Iterative Optimal Attention and Local Model for Single Image Rain Streak Removal

TL;DR

This work tackles the challenge of single-image rain streak removal in vision-based measurement systems by introducing EMResformer, a Transformer-based deraining framework that integrates an Expectation Maximization Block to iteratively optimize attention and a Local Model Residual Block to enhance local detail. The EMB reduces feature redundancy and concentrates attention, while the LMRB enhances local information preservation, collectively delivering cleaner background reconstruction. Extensive experiments on synthetic and real-world rain datasets show superior deraining quality (PSNR/SSIM) and improved VBMS downstream tasks (segmentation and object detection), with favorable trade-offs between model complexity and performance. The results suggest EMResformer as a robust preprocessing tool for VBMS, enabling more reliable visual measurements under adverse weather conditions.

Abstract

High-fidelity imaging is crucial for the successful safety supervision and intelligent deployment of vision-based measurement systems (VBMS). It ensures high-quality imaging in VBMS, which is fundamental for reliable visual measurement and analysis. However, imaging quality can be significantly impaired by adverse weather conditions, particularly rain, leading to blurred images and reduced contrast. Such impairments increase the risk of inaccurate evaluations and misinterpretations in VBMS. To address these limitations, we propose an Expectation Maximization Reconstruction Transformer (EMResformer) for single image rain streak removal. The EMResformer retains the key self-attention values for feature aggregation, enhancing local features to produce superior image reconstruction.
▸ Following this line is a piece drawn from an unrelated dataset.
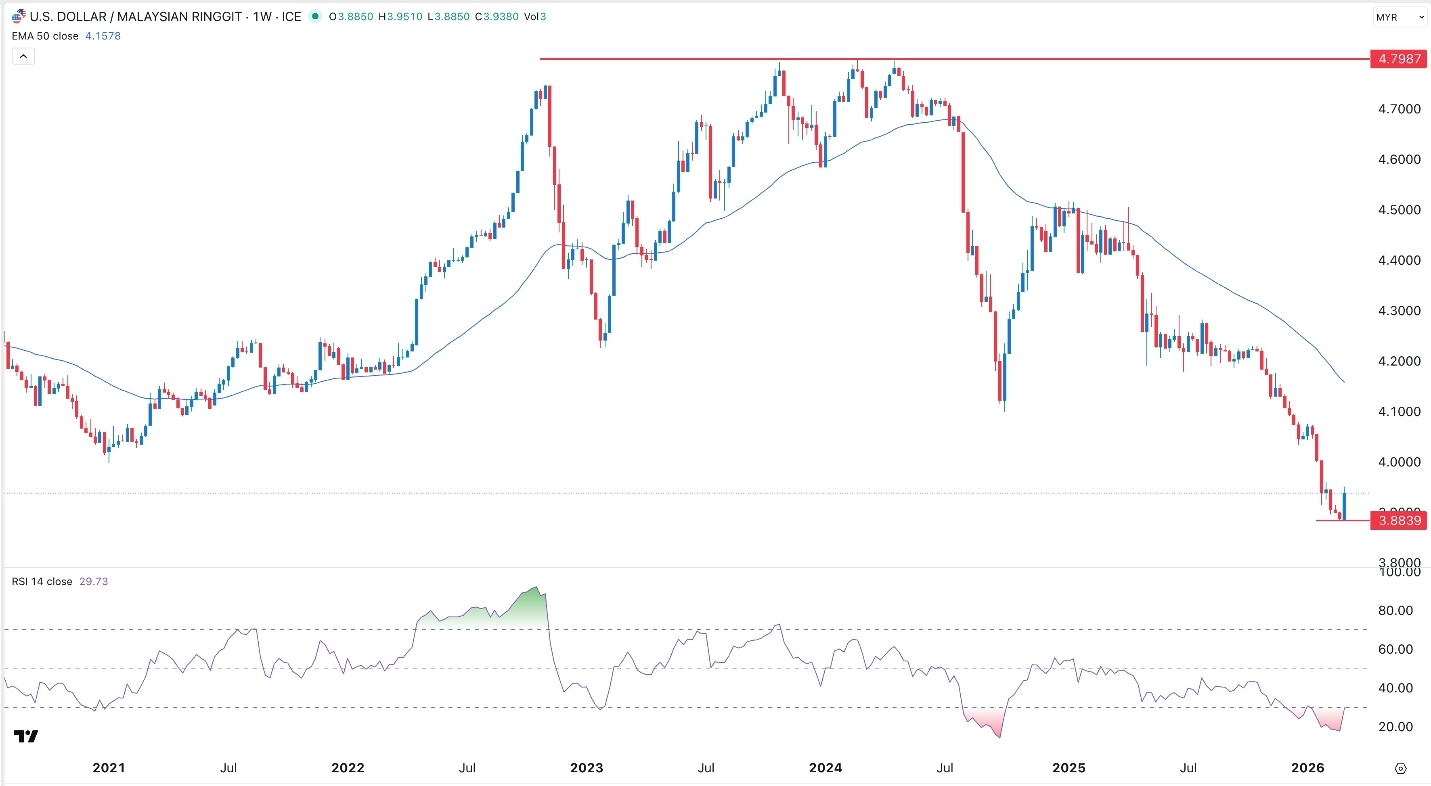 The weekly timeframe chart shows that the USD/MYR exchange rate has slumped in the past few years, moving from a high of 4.7987 in 2p24 to the current 3.9380. This retreat started when it formed a triple-top pattern, a common bearish reversal sign in technical analysis.

Specifically, we propose an Expectation Maximization Block seamlessly integrated into the single image rain streak removal network, enhancing its ability to eliminate superfluous information and restore a cleaner background image. Additionally, to further enhance local information for improved detail rendition, we introduce a Local Model Residual Block, which integrates two local model blocks along with a sequence of convolutions and activation functions. This integration synergistically facilitates the extraction of more pertinent features for enhanced single image rain streak removal. Extensive experiments validate that our proposed EMResformer surpasses current state-of-the-art single image rain streak removal methods on both synthetic and real-world datasets, achieving an improved balance between model complexity and single image deraining performance. Furthermore, we evaluate the effectiveness of our method in VBMS scenarios, demonstrating that high-quality imaging significantly improves the accuracy and reliability of VBMS tasks.

Figures (15)

• Figure 1: Overview of our EMResformer for degraded scene restoration in vision-based measurement systems (VBMS).
• Figure 2: Illustration of the rain imaging degraded model in VBMS.
• Figure 3: The overall architecture of EMResformer. Our EMResformer consists of three major components: Shallow Feature Extraction Module, Deep Feature Extraction Module, and Image Reconstruction Module. Given a rainy image input, a 3$\times$3 convolution layer is employed to extract the shallow features. Then, we use a series of Expectation Maximization Blocks as the Deep Feature Extraction Module to extract deeper features. Additionally, we use the Local Model Residual Block to enhance the network's capability to model local features. Finally, in the image reconstruction stage, we use a 3$\times$3 convolution and add the original input to generate a clean background image.
• Figure 4: The architecture of the Expectation Maximization Block (EMB). EMB is used to effectively extract features from images, facilitating the clear background images.
• Figure 5: The structure of the Local Model Block (LMB). LMB comprises a sequence of pooling, activation, and convolution operations to improve the network's local model capability for recovering clean background images.